Espoir donc pour un amour de vieillesse ! Et, ce sera votre mot de la fin

Oui, je garde cet espoir. Pourvu que Dieu me prête vie. Ma maman a l’habitude de me dire qu’il y a certains qui ne rient que le soir. Un appel à la persévérance. Je suppose que c’est mon cas. Je suis dans ma 30ème année de ménage, j’ai 50 ans mais, mon mari et moi, on n’arrive toujours pas à s’entendre. Pour lui, je ne suis pas parfaite. Je ne fais jamais rien de bon à ses yeux et pourtant c’est moi qui éduque les enfants. Mais j’ai pris ça à bras le corps me disant que ça ira.

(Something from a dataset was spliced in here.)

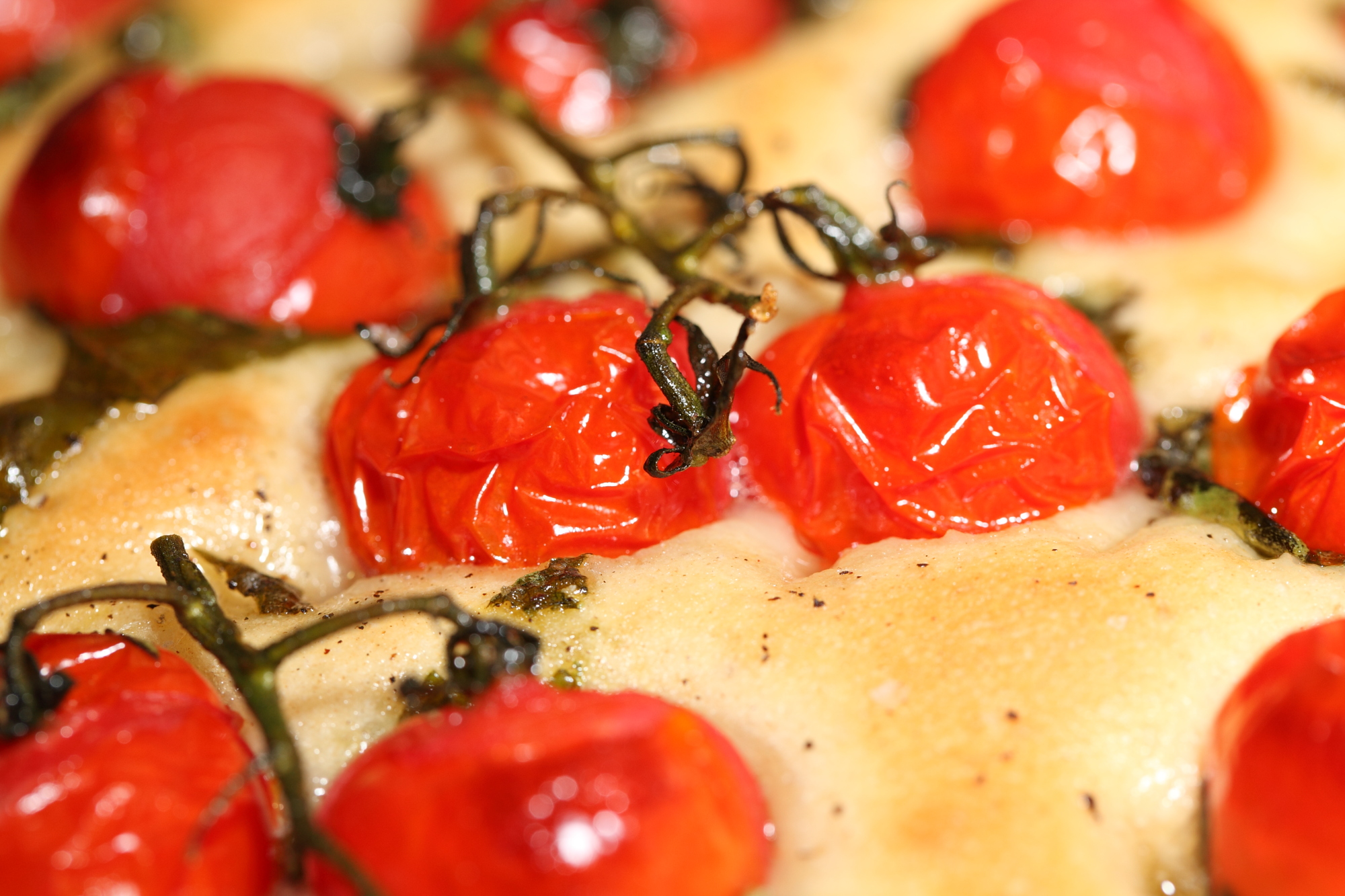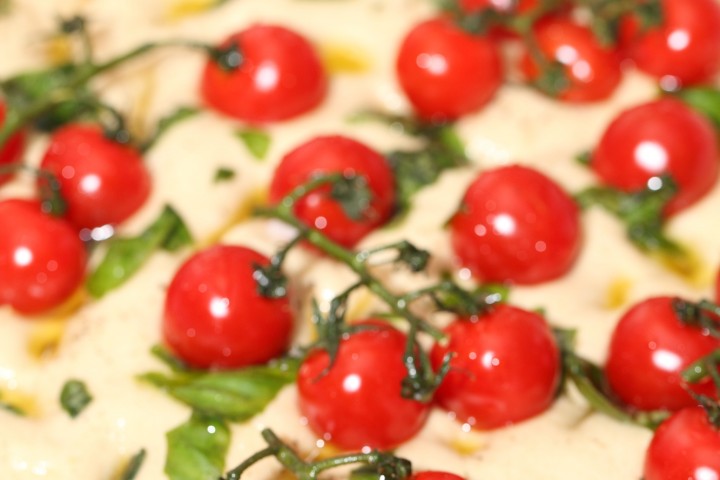 Put the oil with basil leaves on top of the dough and with your finger tips make holes in the dough and spread the oil, making sure the oil also drips in the holes. Put the tomatoes on top and also press them into the dough.

Je fais de mon enfer, mon paradis. Quand finalement, étouffée, j’ai dû me confier à mon papa, il ne m’a jamais découragée. Il a l’habitude de me dire que tant que le soleil luit, l’espoir ne meurt jamais. Et voilà que le soleil luit tous les jours. Ça veut dire qu’il y a de l’espoir.

L’œil du Sociologue…

<<En réalité, la préoccupation que vous posez résulte des mutations observées au niveau de la cellule familiale. Aujourd’hui, chaque membre du foyer est préoccupé par la quête de ses revenus ou préoccupé par le boulot. Chaque membre du ménage est tenté de donner plus de poids au pécunier plutôt qu’aux rapports sociaux qui quand même sont indispensables à la stabilité du couple. Qu’on le veuille ou pas, l’instabilité de l’un ou de l’autre des membres du couple ou la faible présence de l’époux dans le foyer  est préjudiciable à la stabilité de ce foyer. Un seul individu qu’il soit femme ou homme, ne peut se prévaloir de jouir quelle que soit sa bonne foi, les rôles sociaux de l’époux et de l’épouse. Conséquence, lorsque vous avez dans un foyer un membre du couple qui est absent, la conséquence est directe sur l’éducation des enfants et sur même la stabilité du foyer. Une telle  situation fragilise les rapports sociaux qui peuvent s’établir entre deux individus ou entre les membres d’une famille. Tout ça contribue à l’effritement du lien social et par conséquent, agit sur la cohésion sociale ; ce qui fait que de plus en plus, nous avons plusieurs familles instables et plusieurs familles dont les parents ont peut-être les ressources financières qu’il faut mais dont les enfants sortent sans identité réelle en ce sens qu’ils n’ont pas eu le temps de recevoir de leurs parents les normes et valeurs qui peuvent leur permettre d’avoir des repères identitaires dans la société pour pouvoir agir en référence à certains idéaux sociaux>>, souligne le Sociologue Florent Tasso.